Desire2Learn is a commercial educational system that supports mobile learning and web conferencing. It also has some features such as exams, discussions, assignments, quizzes, grades, and portfolio‐based activities. D2L supports foreign languages and mathematical notations. D2L also includes a learning repository, course creation tools, an e‐portfolio module, mobile delivery, analytics, and lecture capture facilities. Figure 4 presents web page of Desire2Learn.

Figure 4.

Desire2Learn Course Web Page.

2.4.5. Docebo

Docebo LMS platform is a learning management system that is based on SaaS/cloud platform. With Docebo, users can organize, track, and distribute online courses for formal learning. The instructors can create users as well as groups and create reports about them. It was offered as open source but it is not available as open source for a while. Although Docebo is offered for education, now it is primarily used in the corporate sector.

Docebo is under the GPL, so it has no licensing cost. It is compatible with SCORM, Aviation Industry CBT Committee (AICC), and xAPI. It has a component‐based architecture and works with PHP and MySQL database.

Docebo has interfaces for video conferences. It is integrated with Adobe Connect, BigBlueButton, Cisco WebEx, Citrix GoToMeeting, OnSync by Digital Samba, and TeleSkill Live. Also, it has integrations with Google Apps, WordPress, and Vivocha.

Docebo is available in more than 30 languages and more than 10 countries. This platform is mobile‐ready platform, so it includes mobile learning. The features of Docebo are blogs, course catalogs, labels, and discussions. Figure 5 shows a course web page from Docebo.

Figure 5.

Docebo Course Web Page.

2.4.6. Dokeos

Dokeos is an online and open‐source course management system that is widely known and freely available. It is also a learning content management system based on MySQL database and written in PHP language. Dokeos is based on Drupal, which is a content management system. It is available in standard and Professional (PRO) versions.

Dokeos is used in more than 60 countries, and it has been translated into 34 languages. It features a variety of e‐learning templates and e‐learning course authoring tools. The features of Dokeos are documents, announcements, tests, agendas, forums, links, tracking tools, and chats [21].
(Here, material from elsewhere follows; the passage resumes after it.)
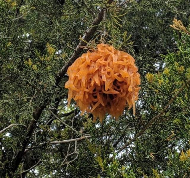 « Trouvé dans un arbre en Caroline du Nord. C’est à peu près la taille d’un poing. » Que penseriez-vous si vous voyiez quelque chose comme ceci suspendu à un arbre ? Cela semble effrayant, mais il n’y a pas de quoi s’inquiéter. Il s’agit de la rouille pomme de cèdre, un champignon à l’origine de la défiguration des feuilles et du fruit des plantes infectées.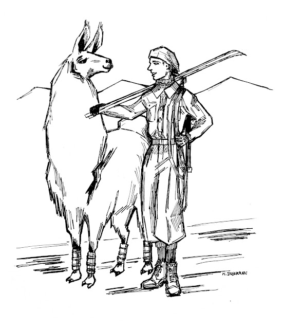 Bob is keeping warm in wool plus fours, a turtle neck sweater and a jacket. Both his look and pose are inspired by the beautiful 1930s fashion illustration on the right. Instead of ski poles, though, Bob is carrying a leather harness, and the llama has on his protective leather sport boots; ready to lead his friend through the powder! Next I will have to finish a color illustration of skis, harness, llama, and Bob, all working together.

Dokeos supports mobile and cloud learning. Also, it supports SCORM, AICC and Tin Can API compliant. Portals and assessments can be used in Dokeos system; on the other hand, it has agenda, forums, discussion forums, chat, videoconference, open questions, and assignments. It is fully compatible across all browsers and platforms. Web page of Dokeos is presented in Figure 6.

Figure 6.

Dokeos Course Web Page.

2.4.7. eFront

eFront is a modern learning, which is also known as a course management system or learning management systems or virtual learning environment, and an educational platform. eFront is designed to help creating online courses. It has many features such as project management, extended statistics, files management, reports generators, assignments builders, internal messaging system, forum, calendar, chat, survey, etc. It supports SCORM standards.

eFront is a multilingual platform. It offers two types of language files: machine translated and human translated. It supports 48 languages. While 18 of these languages are machine translated, 30 languages are human translated.
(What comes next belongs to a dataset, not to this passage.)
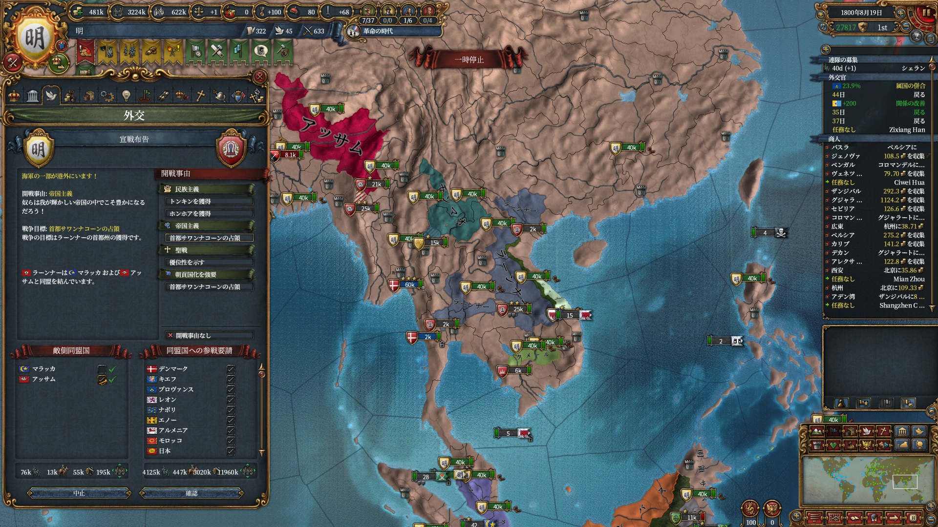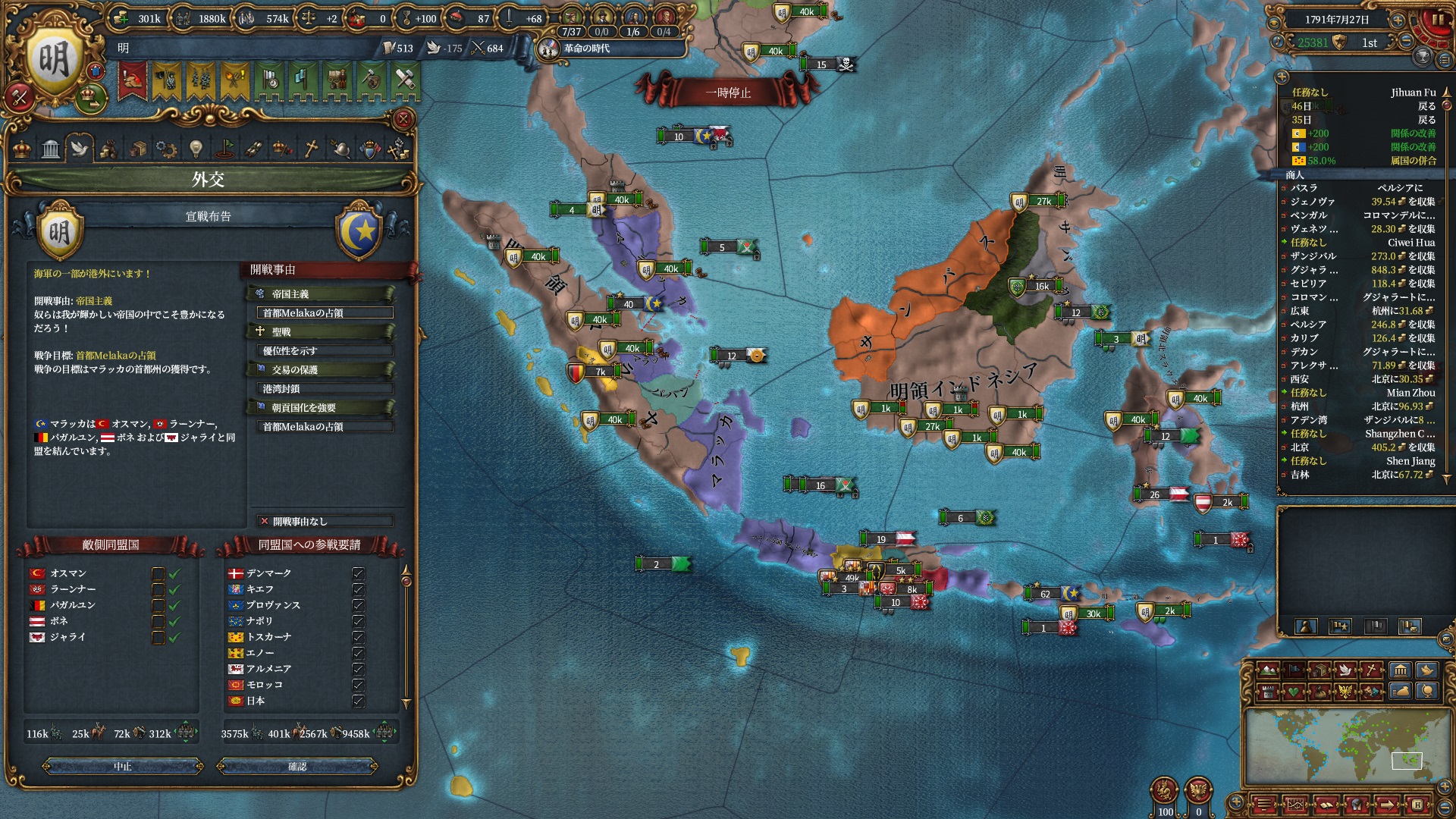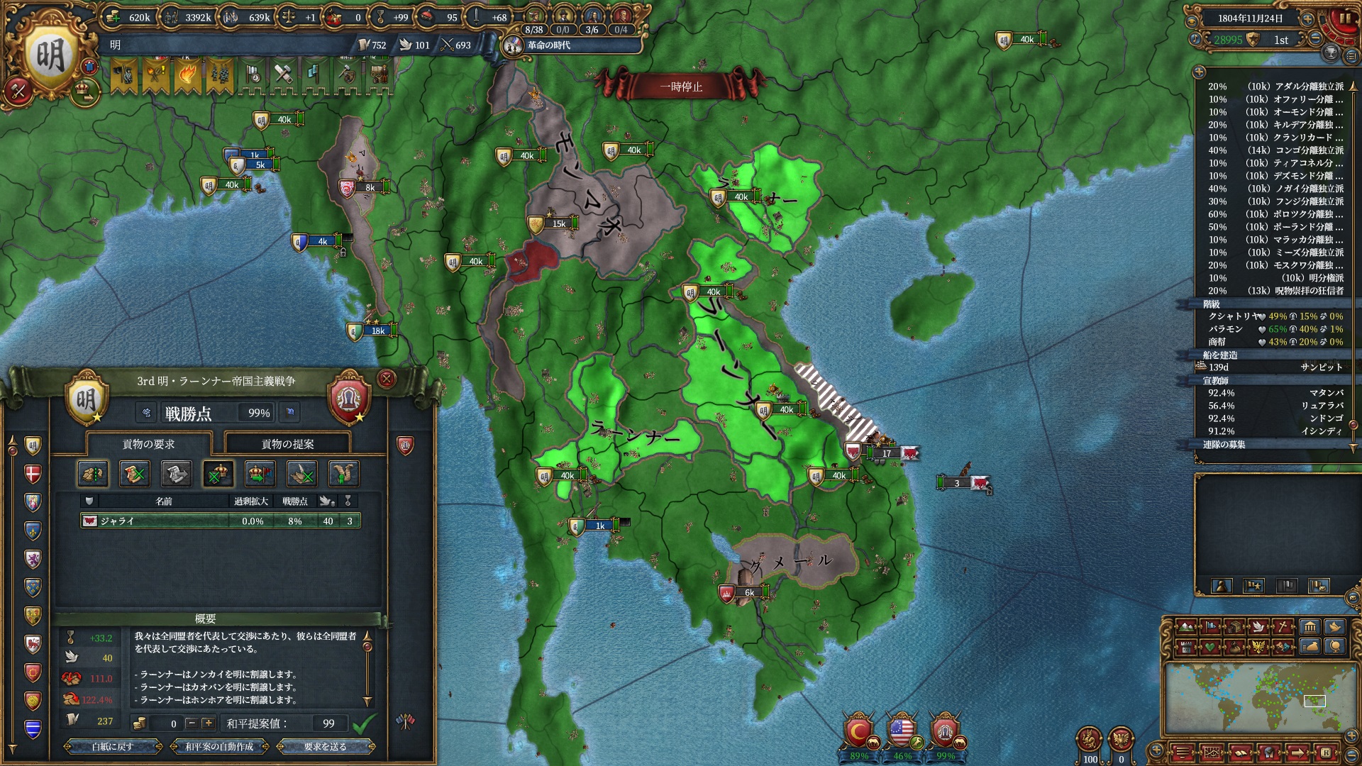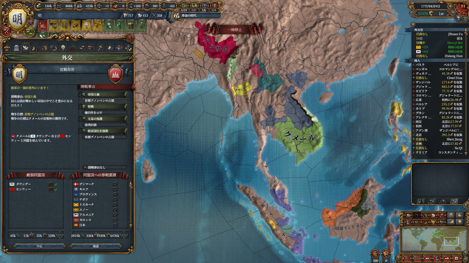 こちらもOEが爆発しているためアユタヤ戦後に作成した衛星国に分散させました。

This learning management system is PHP based and open source. eFront runs on GNU/Linux, Microsoft Windows, and any other operating system that supports PHP 5.1+ and MySQL 5+. It is under the Common Public Attribution License (CPAL) license. eFront supports Unicode and LDAP, and uses 3‐tier architecture with low bandwidth connections.

eFront is content friendly by using presentations and videos. It has multiple types of test and questions. This course management system can collect and analyze surveys. It supports the blended learning. Some video conference software such as Adobe Connect, BigBlueButton, and OpenMeetings can be used with eFront. A sample course page is given in Figure 7.

Figure 7.

eFront Course Web Page.

2.4.8. Moodle

Moodle is an online course management system that is widely known and freely available. The word Moodle stands for “Modular Object Oriented Dynamic Learning Environment” and was created by Martin Dougiamas who is a computer scientist and an educator at a university in Perth, Australia [22].

Moodle is a software package that it is used to create Internet‐based courses and their websites. Moodle is used in 234 countries, providing support for 139 languages, and has 88,204,960 registered users according to Moodle statistics on the Moodle website in July 2016. There are currently 10,106,758 registered courses and 70,872 active sites that have been registered from those countries.

Moodle is utilized by both institutions and individuals. The list of the former is long, including universities, high and primary schools, governmental departments, military, and healthcare organizations as well as airlines or oil companies. Homeschoolers, independent educators, and special educators are among the individual users.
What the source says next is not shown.